The break-in had made the late editions. Police speculated that the watchman interrupted the thief before he took anything of value, since nothing of value was missing. My prints are on file at the Eleventh Street station, so I hoped none showed up that I couldn’t reasonably account for as part of my business visit to Tilford’s office.

What would they make of Derek Hatfield’s name on the Stock Exchange’s sign-in register, I wondered. I had to figure out some way of finding out if they questioned Hatfield about

Whistling through my teeth, I started the Omega and headed out to Melrose Park. Despite Lotty’s ill humor I was pleased with myself. Typical criminal failing-you carry off a coup, then have to brag about it. Sooner or later one of your bragees tells the police.

Snow was beginning to fall as I turned onto Mannheim Road. Small dry spitballs, Arctic snow, no good for snowmen. I was wearing long underwear under my navy pantsuit and hoped that would be enough protection against a minus 28 wind chill. Some time today I’d have to find an Army-Navy Surplus and get another pea jacket.

The Priory of Albertus Magnus loomed coldly through the driving pellets. I parked the car out of the wind as far as possible and fought my way to the priory entrance. The wind sliced through suit and underwear and left me gasping for air.

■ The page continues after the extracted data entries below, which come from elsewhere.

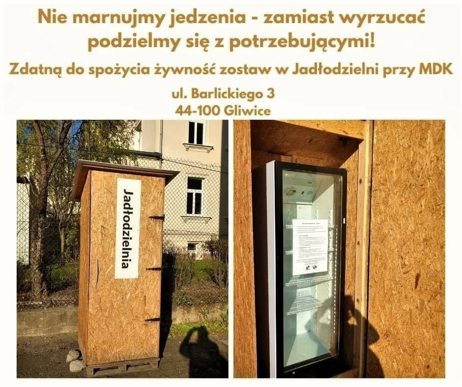 Od kwietnia 2019 roku w Gliwicach na dziedzińcu przy ulicy Barlickiego 3 (za Młodzieżowym Domem Kultury) działa tzw. Jadłodzielnia – miejsce, w którym możemy podzielić się nadmiarem żywności z potrzebującymi, zamiast ją wyrzucać. Ta wspaniała inicjatywa to efekt współpracy Pana Pawła Kobylińskiego – Posła na Sejm RP VIII kadencji, Stowarzyszenie Animatorów Wszechstronnego Rozwoju Młodzieży oraz Cała Naprzód; Jadłodzielnia jest dostępna od poniedziałku do soboty w godzinach 6:00 – 21:00.
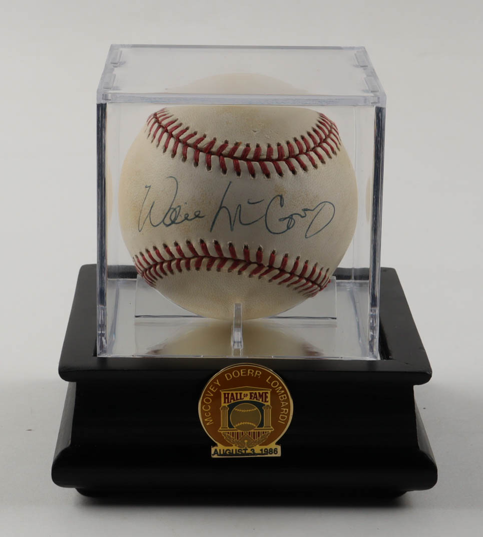 Rawlings Official National League baseball. Hand-signed by Willie McCovey (D. 2018, San Fransisco Giants, HOF). Please note ball is naturally toned. Also includes Display case as shown.
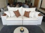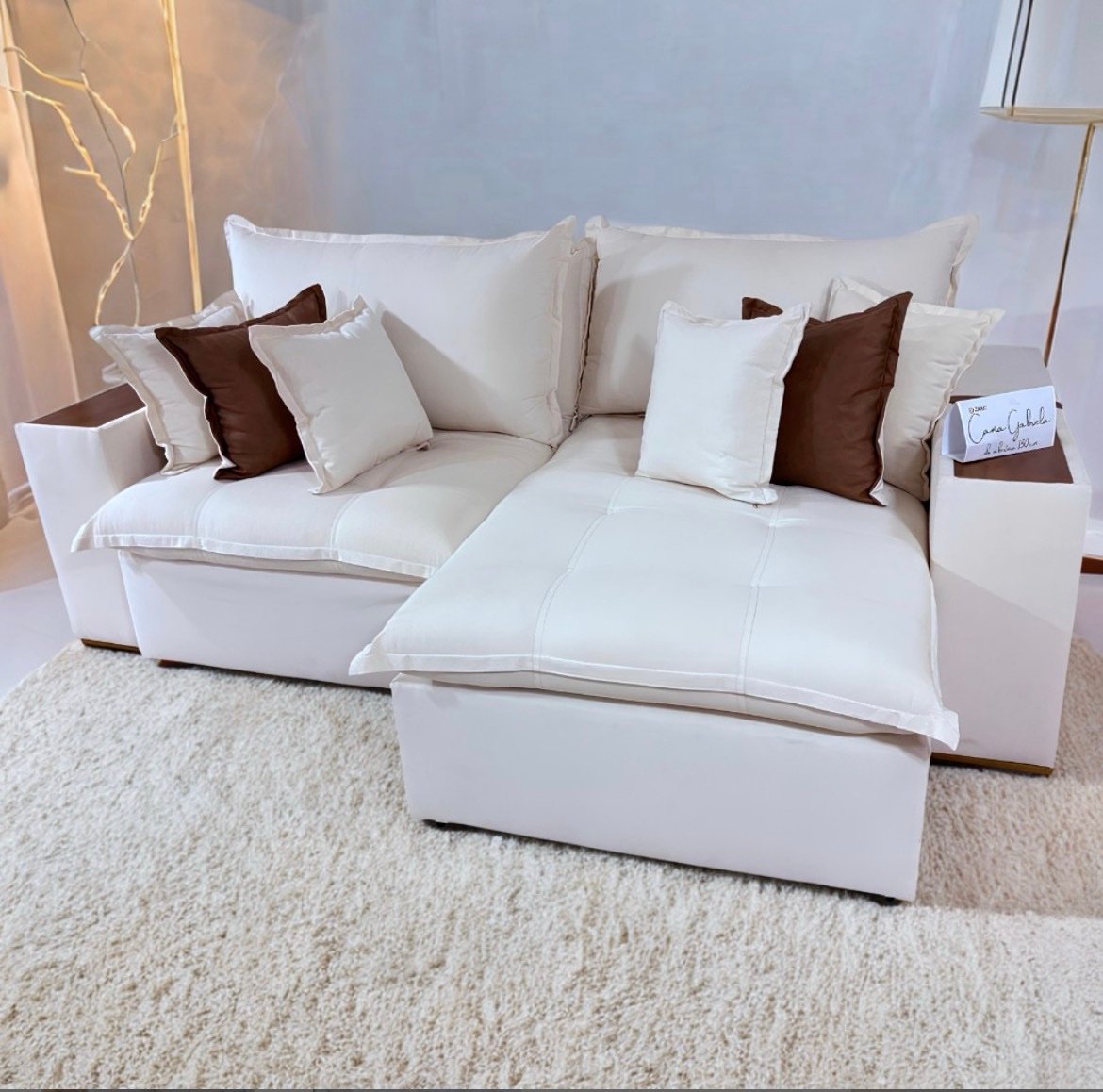 Sofá Cama Thebas/Gabriela 2,90 m Linho Cru 304/Courino Dalas – ZARAT ESTOFADOS
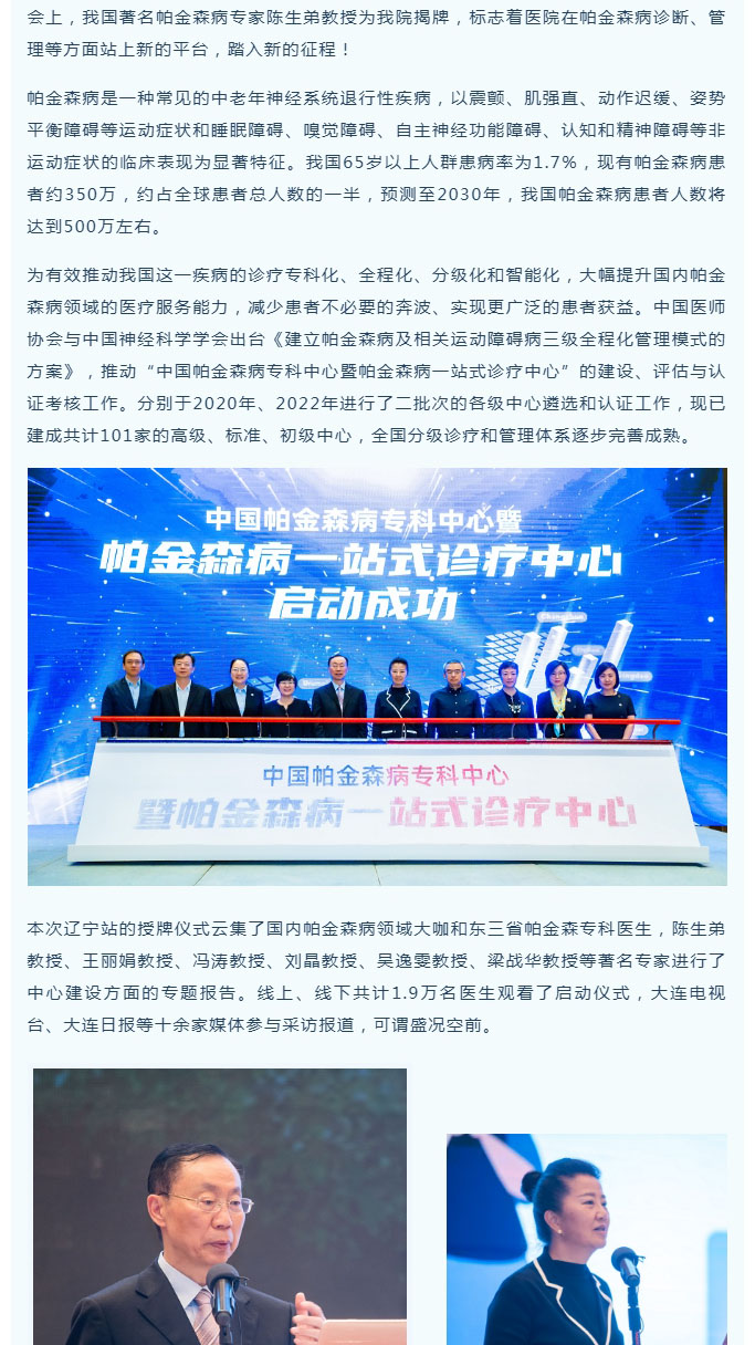 新平台新征程,扬帆奋楫正起航!——市友谊医院中国帕金森病专科中心暨帕金森病一站式诊疗中心揭牌成立

Inside the high-vaulted, stale hallway the sudden silence was palpable. I rubbed my arms and stamped my feet and warmed myself before asking the anemic ascetic at the reception desk to find Father Carroll for me. I hoped I was too early for evening prayers and too late for classes or confessions.

About five minutes later, as the building’s essential chill began making me shiver, Father Carroll himself came down the hall. He was moving quickly, yet not hurrying, a man in control of his life and so at peace.

“Miss Warshawski. How nice to see you. Have you come about your aunt? She’s back today, as she probably told you.”